Thursday, October 21, 2010, 6:00 pm, Room Southwest Exhibit Hall

Although many studies have tried to elucidate the lubrication mechanisms that occur in articular cartilage, the molecular details of how constituents of the synovial fluid interact with cartilage surfaces and mediate cartilage to cartilage interaction still remain poorly understood. One of the major constituents of the synovial fluid that is thought to be responsible for boundary lubrication is the glycoprotein lubricin; however, details of the molecular mechanisms by which lubricin carries out its vital functions still remain largely unknown. Here, we examine i) the molecular details in which lubricin interacts with type II collagen, the main component of cartilage that provides structural integrity and tensile strength, ii) whether collagen structure can affect lubricin binding and change the adhesive interactions and boundary lubrication between collagen surfaces.
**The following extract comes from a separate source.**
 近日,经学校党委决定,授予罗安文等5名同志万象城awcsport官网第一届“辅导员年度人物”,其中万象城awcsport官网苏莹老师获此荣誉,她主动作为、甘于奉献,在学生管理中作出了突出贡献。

We found that lubricin adsorbed strongly onto denatured, amorphous and fibrillar collagens surfaces. Furthermore, we found large repulsive interactions, between the collagen surfaces in presence of lubricin, increase with increasing lubricin concentration. Lubricin attenuated the large friction and also the long-ranged adhesion between the fibrillar collagen surfaces. Interestingly, lubricin mediated the frictional response between the denatured and native amorphous collagen surfaces equally, and showed no preference on the supramolecular architecture of collagen. We speculate that in mediating interactions at the cartilage surface, an important role of lubricin is to attach to the cartilage surface and provide a protective coating that maintains the contacting surfaces in a sterically repulsive state.